**PROBLEM DESCRIPTION:**
Once you reach the line with "韩国订单羊毛混纺2025年新款秋冬大头围保暖针织帽显脸小毛线帽女" below, copy each line exactly, stopping after the line with "12 naoliwionych arkuszy, łatwych", and skip any pictures.

**INPUT:**
<<<<
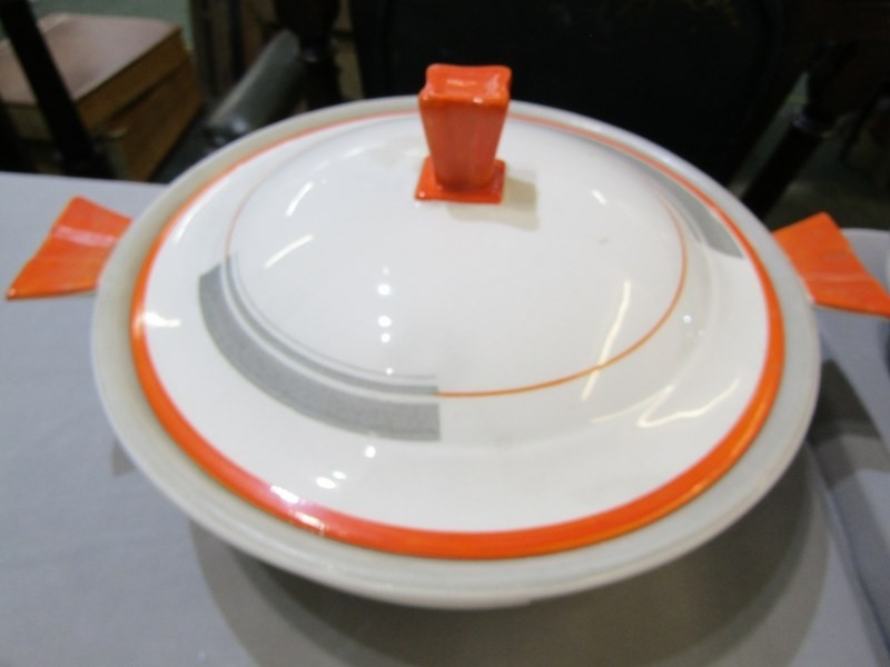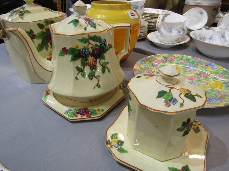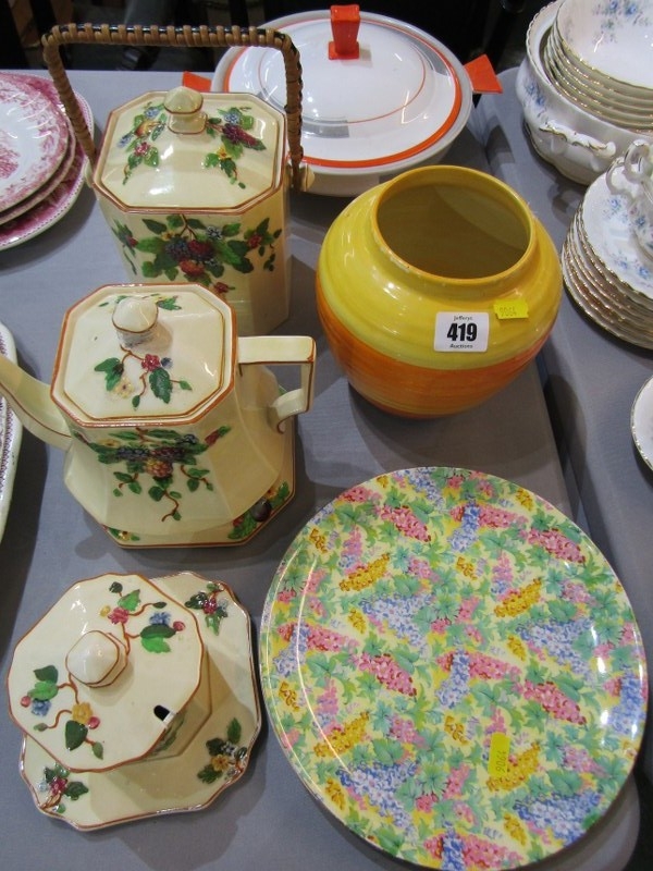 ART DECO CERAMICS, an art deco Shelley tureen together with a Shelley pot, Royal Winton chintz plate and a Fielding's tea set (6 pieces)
>>>>
<<<<
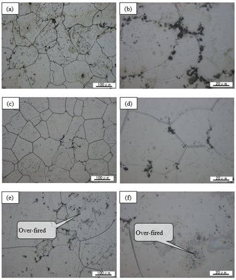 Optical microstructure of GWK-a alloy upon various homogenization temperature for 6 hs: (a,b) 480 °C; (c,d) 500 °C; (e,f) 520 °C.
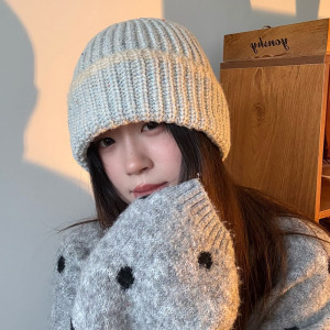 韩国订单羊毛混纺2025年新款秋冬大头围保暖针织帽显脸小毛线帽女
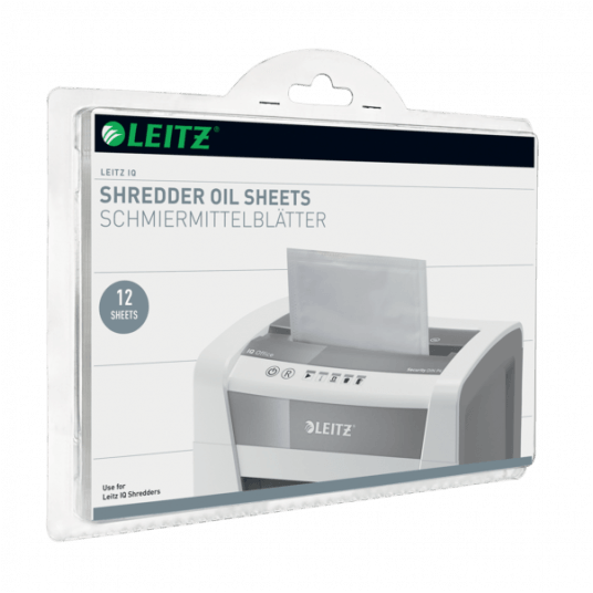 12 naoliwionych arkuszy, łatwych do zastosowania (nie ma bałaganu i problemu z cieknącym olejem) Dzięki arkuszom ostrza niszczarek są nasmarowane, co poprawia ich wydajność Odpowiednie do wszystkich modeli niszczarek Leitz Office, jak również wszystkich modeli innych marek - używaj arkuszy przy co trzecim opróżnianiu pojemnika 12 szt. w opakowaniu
>>>>
<<<<
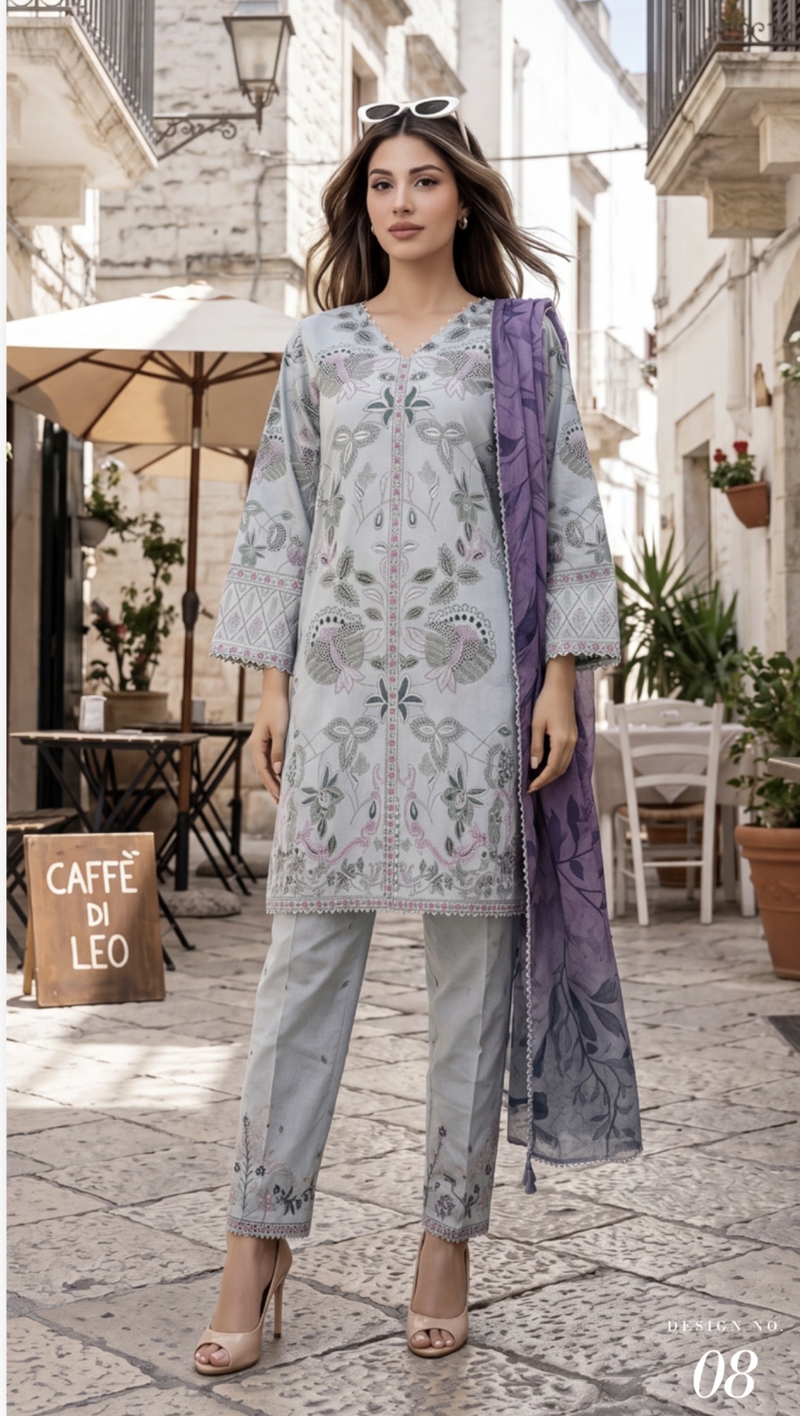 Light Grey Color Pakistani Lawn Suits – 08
>>>>
**PROBLEM SOLUTION:**
 韩国订单羊毛混纺2025年新款秋冬大头围保暖针织帽显脸小毛线帽女
 12 naoliwionych arkuszy, łatwych do zastosowania (nie ma bałaganu i problemu z cieknącym olejem) Dzięki arkuszom ostrza niszczarek są nasmarowane, co poprawia ich wydajność Odpowiednie do wszystkich modeli niszczarek Leitz Office, jak również wszystkich modeli innych marek - używaj arkuszy przy co trzecim opróżnianiu pojemnika 12 szt. w opakowaniu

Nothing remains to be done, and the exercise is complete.